Joint Memorial Day event a deception
Opinion: While in past years I argued Israeli-Palestinian Memorial Day ceremony is about peace, reconciliation, organizers Combatants for Peace recently expressed support for 'right of return,' a fantasy intended to deny Israel's right to exist as a Jewish, democratic state, not promote peace
Two years ago, I sent an open letter to the defense minister and asked that he allow entry to Palestinians wishing to take part in the joint Israeli-Palestinian Memorial Day Ceremony. I wrote that among the Left, there are two different modes of action. There are those who seek to constantly demonize the State of Israel; they travel the world portraying Israelis as monsters.

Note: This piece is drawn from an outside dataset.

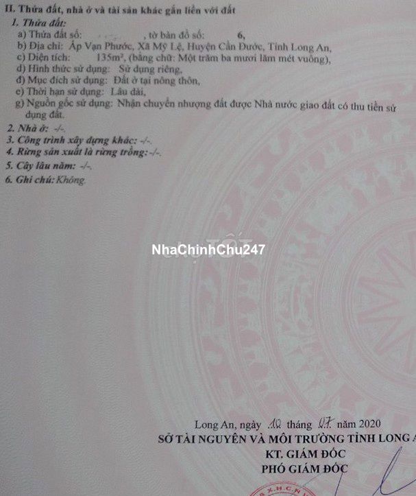 Địa chỉ: Đường ĐT 826, Xã Mỹ Lệ, Cần Đước, Long An Diện tích: 5x27m Giá : 1,5 tỷ Liên hệ : *** + Đường mở rộng giao thông di chuyển thuận tiện + Cách đường ĐT826 chỉ 300m + Gần dân cư , thuận tiện an cư và đầu tư + Pháp lý rõ ràng, sổ hồng riêng + Tiềm năng lớn: Đất luôn tăng theo tình hình chung BĐS của khu vực, đảm bảo sinh lời.

The second category, the Combatants for Peace who organize the annual joint ceremony, operate very differently, I wrote. They are seeking a humane common denominator. It is understandable that people find a problem with comparing the killers to the victims, but nevertheless, the very fact that the joint ceremony takes place indicates a desire to oppose violence and prefer reconciliation, peace and hope.
Last year, I sent a similar letter to the defense minister, who issued a similar order blocking entry to Palestinian participants, before it was overturned by the High Court.
But something has changed. The decision taken several days ago to prevent entry for Palestinians seeking to participate in the ceremony was correct and justified. With all due respect, the High Court need not interfere in every decision it does not agree with.
Why am I saying that the government was correct in its decision? Because six months ago, Combatants for Peace activists published an advertisement that was pure propaganda for the fantasy that is the Palestinian "right of return."
There is no such right, tens of millions of people became refugees in the last century, as a result of the collapse of empires and population exchanges following the establishment of ethnic nation states. After a few years, they ceased being refugees. Those tens of millions never had a "right of return." Only the leaders of Arab states refused every option to rehabilitate refugees by insisting on eternalizing the problem.
The moment the refugee problem came into being, the demand for their return was not for the sake of peace but rather for the sake of the destruction of Israel. Already in October of 1949, the Egyptian foreign minister Muhamad Salah a-Din declared: "The demand for refugees to return is a demand to liquidate Israel."
Egyptian president Gamal Abdel Nasser said in 1960: "If the refugees return to Israel, that will be the end of Israel." In 1988, Saker Habash, senior adviser to PLO chairman Yasser Arafat, said: For us, the matter of the refugees is the trump card for the purpose of eliminating Israel." I can go on.
In recent decades, the Palestinians were repeatedly offered options for the establishment of a state on 95% of the territories (the West Bank and Gaza). They rebuffed all offers. The main issue was not the settlements but the Palestinians demand for the "right of return."
The theme repeats itself: as former chairman of Fatah's central committee Farouk Kaddoumi said in 2002: "the right of return for refugees to Jaffa and Haifa is more important than a state." Palestinian stubbornness against recognizing the idea of two states for two peoples is based on the fact that such an acknowledgement will prevent a mass return of refugees, explicitly or implicitly.
In order to advance a peace agreement, the peace camp should have not only pressured the government against building outside of major settlement blocs, but also declare to the Palestinians that the demand for the right of return is a demand for national suicide. It will not happen.
But when a group like the Combatants for Peace adopts the rejectionist Arab and Palestinian stance and encourages the demand for the "right of return," it is not advancing the cause of peace but rather of rejectionism. They are adopting the stance of those who seek to destroy.
They are not fighting for freedom, independence or an end to the "occupation," but against the very existence of the State of Israel. If the IDF imposes a general curfew on the West Bank for Memorial Day and Independence Day, there is no need to make allowances specifically for those serving an anti-Israel campaign.
Most Israeli leftists support compromise, reconciliation and two states for to peoples. They do not support the fantasy of destroying Israel through demanding the "right of return." The Left-wing Meretz Party also opposes the "right of return."
The moment the organization behind the joint Memorial Day Ceremony openly declares its support for a demand intended to deny the right of Israel to exist as a Jewish and democratic state — it has crossed a line.
The joint ceremony is a deception. The High Court should only interfere in unique cases involving violations of fundamental rights. This is not the case. The ceremony does not deserve support, not of leftists nor of the High Court.